Would they greet me with the same crooked smiles and fast fists shoved into my face as they used to? Would the names come back to their memories as quickly as they’d come back to mine? Would there be newer, more painful ones waiting for me? Or would they be happy to see me? The girl they’d played with and laughed with (when they weren’t laughing at me) for over a decade. Would there be a glimmer of shame or regret that rose up in any of their minds?

My pulse quickened, my breath coming raspy and ragged. And my palms were as sweaty as they’d been the first day that I’d ever stepped foot in that school. Their voices chanted in my mind. And the words wouldn’t escape me, echoing as loudly as the speaker and bouncing off the walls and bleachers, smacking me hard in the face.

I felt it rise in my chest with each syllable in my memory.

Panic.

And every face that turned my way brought it all rushing back to me until the fear was so strong that I thought I’d vomit. Each name on the stands that was called was my own. A new student called. A new nickname ringing out.

“Andrea Knopik.” But it was really me they were calling. “Fatso.”

“Crystal Massey.” Also known as, “Chub Chub.”

“Nikki Sears.” But I only heard “Sumo.”

Each new name was a new terror, and it remains to this day. Their voices and their faces flash within my mind as fresh as they were back then. And in the pictures, I hug my sister. Her beautiful and smiling… and THIN face beaming with pride and accomplishment. Her tanned and toned arms wrapping around her friends and family as she cradles the flowers she was showered with. Her slim waist somehow still accentuated through the oversized gown.

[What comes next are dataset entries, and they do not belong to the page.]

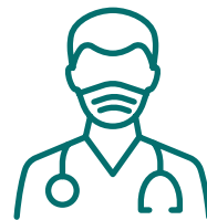
Freie Arztwahl in Privatklinik
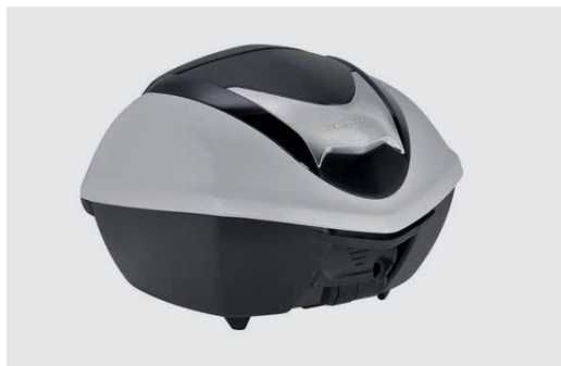
35 LITERES SMART HÁTSÓ DOBOZ SZETT 08ESY-K53-TB19ZA, B, C, D, F VAGY G

35 liter űrtartalom. Egy zárt vagy két nyitott sisakot képes befogadni, gyorszáras, könnyedén leszerelhető. Hátpárnával és hátsó tartóval. A hátsó dobozfedél az SH300I fényezéséhez illő színekben kapható.
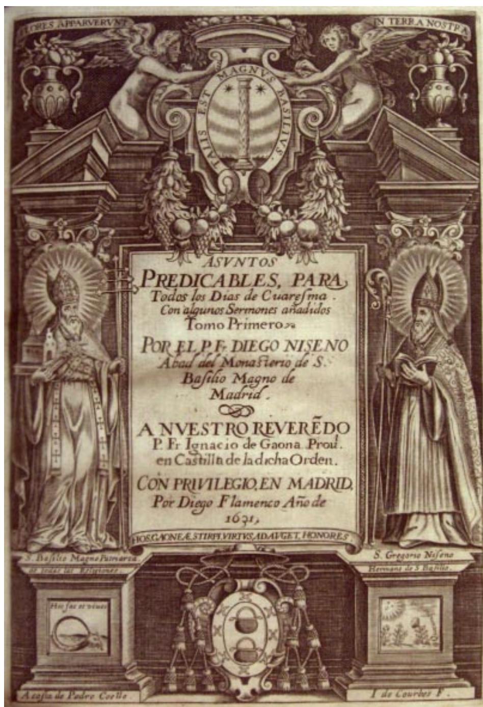
6. Diego Niseno: Asuntos predicables para todos los días de Cuaresma: con algunos sermones añadidos: tomo primero , Madrid, Diego Flamenco, 1631. Biblioteca Universitaria de Sevilla 59/53
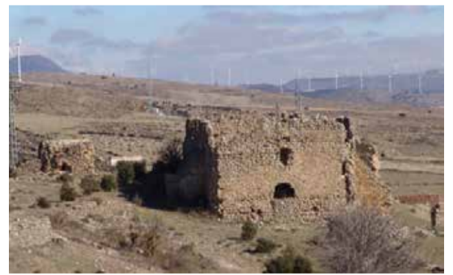
Iglesia del castillo de El Toro.
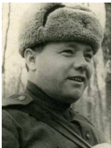
Płk Michaił Fiedosienko. Fot.

„Poza notorycznymi [...] wypadkami grabienia zegarków i innych drobiazgów [...] zachodzą wypadki bardzo poważne. [...] odbył się cały szereg napadów na mieszkania, zachodzą także gwałty, z których jeden doprowadził do śmierci nieletniej dziewczynki”.
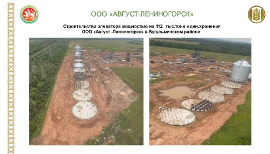
ООО «АВГУСТ-ЛЕНИНОГОРСК» Строительство элеватора мощностью на 112 тыс.тонн един.хранения ООО «Август -Лениногорск» в Бузульском районе

На сегодня первый этап строительства - цех приемки и отгрузки продукции и блок складов с оборудованием и монтажом технологического оборудования на 4000 тн завершен. По второму этапу картофелехранилище на 4,5 тыс.тонн планируется завершить до конца текущего года.
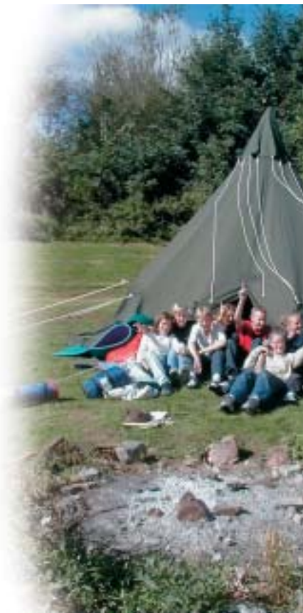
Tipi-lejr i volden – weekendaktivitet i august

Det er en stor og vigtig opgave, hvilket lærergeneringen i det hele taget er . Men vi er startet på et nyt kapitel med optimisme og et ønske om at favne tradition, mangfoldighed og fornyelse.
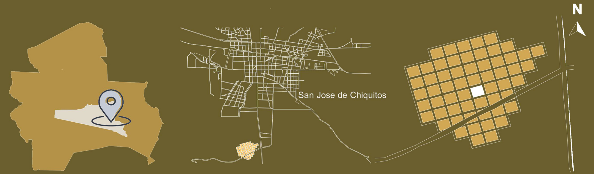
MAPA 1: Santa Cruz de la Sierra- San Jose de Chiquitos-Santa Cruz La Vieja

El “Parque Nacional Histórico Santa Cruz La Vieja” se encuentra ubicado a 3km al Sur de la población de San José, capital de la provincia Chiquitos y a 266 km de la ciudad de Santa Cruz de la Sierra, cuenta con 17080 hectáreas. En el área intersectan los bosques: el Cerrado, Chiquitano y Chaco.
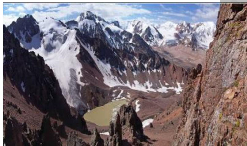
Амангелді Иманов атындағы шың
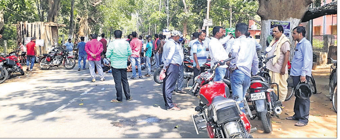
ସେସୁ କାର୍ଯ୍ୟକାରୀ ସମ୍ମୁଖରେ ଉପଭୋକ୍ତାଙ୍କ ରାସ୍ତାରେକୋ।

ଗଣିଆ, ୨୯/୪(ଡି.ଏନ.ଏ.): ପ୍ରକଳ ଗ୍ରାଣ୍ଟ ପ୍ରବାହ ଓ ଅସହ୍ୟ ଚାଡ଼ି, ଚୁଲୁଚୁଳି ସାଙ୍ଗକୁ ବିଦ୍ୟୁତ୍ କାଟ ଯୋଗୁ ଜନସାଧାରଣ ନାହିଁ ନ ଥିବା ଅଭିଯୋଗ ସମ୍ମୁଖରେ ହେଉଛନ୍ତି। ଗତ ରବିବାର କୌଣସି ଓଡ଼ିଆମାନ
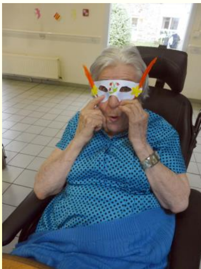
Bons petits moments passés autour du carnaval
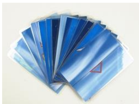
Trainingskarten zum Heimtraining Bestellnr.: 905550
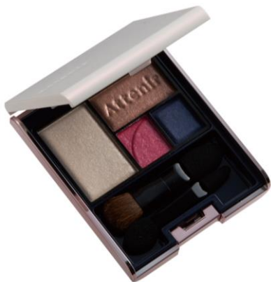
花明かり/ハナアカリ

目もとのエイジング印象が気になる大人のための4色組アイカラー。深い大人ピンクのリフトアップカラーが桜のようにほんのりと、春の「華やかさ」で彩りながら、目をパッチリと大きく見せます。
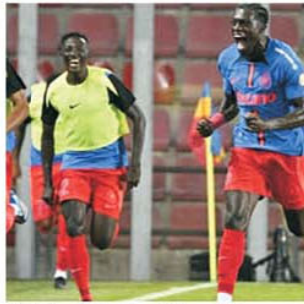
Golul lui Joyskim Dawa o creditează pe FCSB cu prima șansă la calificarea în play-off-ul Ligii Campionilor

primei părți i-a aparținut lui șut. Mijlocașul defensiv a scăpat spre poartă, a driblat
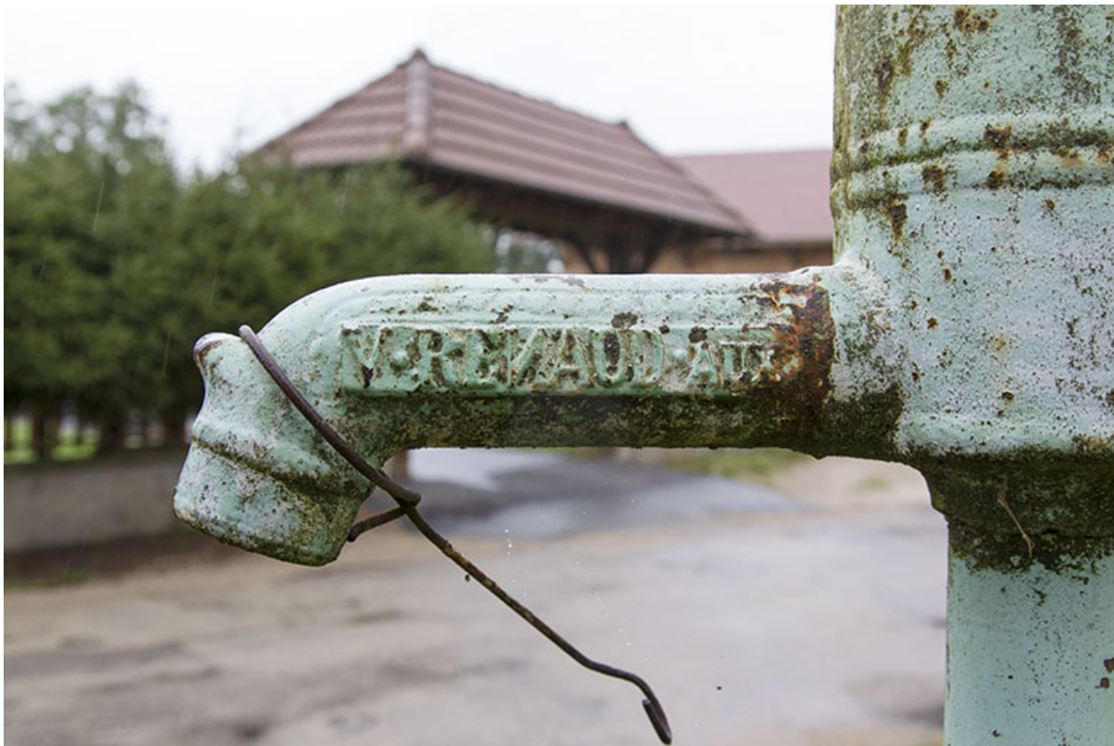
Pompe à eau : nom du fabricant (V. Renaud). 25, Charquemont, 9 Grande Rue
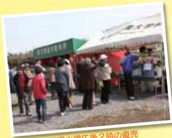
毎週水曜午後2時の直売
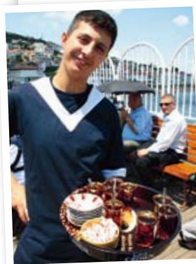
Nationaldrycken te dricks ur de tulpanformade glasen.

Divanyolu 6 Tel 212 522 29 70 www.puddingshop.com En lunch kostar ca 60 kronor.
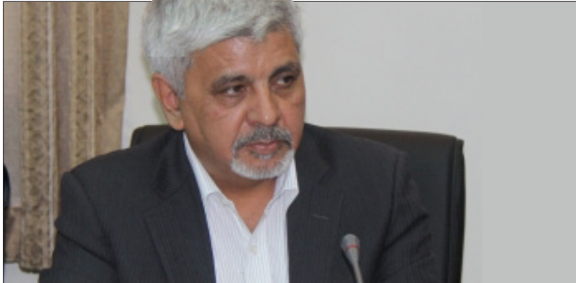
نایب رئیس اتاق اصناف شیراز:
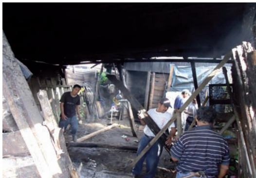
Hvor skal vi begynde?

Jeg håber og beder om, at I vil bede for mig, både for arbejdet og for min økonomi, så jeg kan komme derud og være til velsignelse, fordi Gud går foran og velsigner.
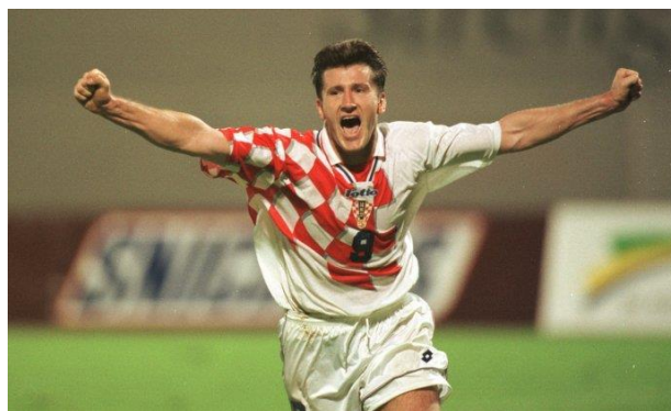
Slika 7. – Davor Šuker, najbolji strijelac SP 1998. (dostupno na

svih dosadašnjih prvenstava. Organizacija SP 1994. pripala je SAD-u. Prvenstvo se igralo na devet stadiona u devet gradova. Finale su u Los Angelesu odigrali Brazil i Italija. Prvi put u povijesti pobjednik je dobiven izvođenjem jedanaesteraca. Brazil je u tome bio bolji. Iako su Amerikanci priredili spektakl, nogomet je i dalje ostao daleko od popularnosti košarke ili bejzbola. Domaćin SP 1998. bila je Francuska. Igralo se u deset gradova na deset stadiona, a 64 utakmice sudila su 34 suca. Svjetski prvaci postali su Francuzi nakon pobjede nad Brazilom u finalu, dok je Hrvatska osvojila treće mjesto, najveći uspjeh do tada. U nogometne anale ušao je Davor Šuker kao najbolji strijelac s 6 zgoditaka. Polufinalni susret domaćina Francuske i naše reprezentacije na francuskoj TV postaji „Tele France 1“ gledalo je 17.6 milijuna ljudi.
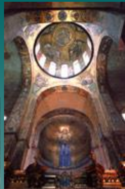
Богоматерь Оранта и полуфигура Вседержителя
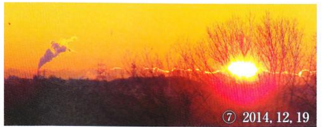
⑦ 2014, 12, 19

に、感激も一入となる。③は快晴の時の日の出の瞬間で、そのクローズアップしたものが④である。朝日は他の自然物等とも相性良く互いに引き立て合う。積雪の翌朝の⑤は、青白い景色と見事なコントラストを成している。花の時期には⑥のように花を照り輝かす役割を担う。⑦の樹林を通した朝日もまた風情がある。遠くの煙突からの煙が溶け合っ

And beside her? Her little sister. Her younger sister. She smiles back at me from the photo. But I see through the stretched lips and crinkled eyes. I see through the sparkle in the eye that might be mistaken for joy. I see the fear and the self-hatred.

She kisses her older sister on the cheek, and she says, “I’m so proud of you, big sis.”

But what she really says is “get me out of here.”

What she really thinks is, “I’m dying here. Let me leave.”

This place that was once the surest source of joy and the most beautiful place she’d ever known had become her place of torment. The people who once held all of her love have become her terrorists.

Their words float around the edges of every photograph. “Chub Chub. Chubby. Sumo. Fatso.” Did I mention “Punching Bag.”

That was Eli’s favorite for me. “It’s Lena. My favorite punching bag.” That’s what I see in the photographs. A fat lump of fabric and leather, torn at the stitching, dented and swinging to and fro without a sense of direction.

Their words became my reflection. “Fat,” “ugly,” “stupid,” “lazy,” “worthless.” These are the words that fill the pages of my albums. There are no dates or names in pencil on the backside. There are only those words. There’s only fear and hatred.

I see her in the photographs. I see the girl they beat and kicked. I see the girl with no hope for self-esteem. She smiles and she hugs her sister. And as she pretends she doesn’t see their sideways glances, she wonders, “do they even care?”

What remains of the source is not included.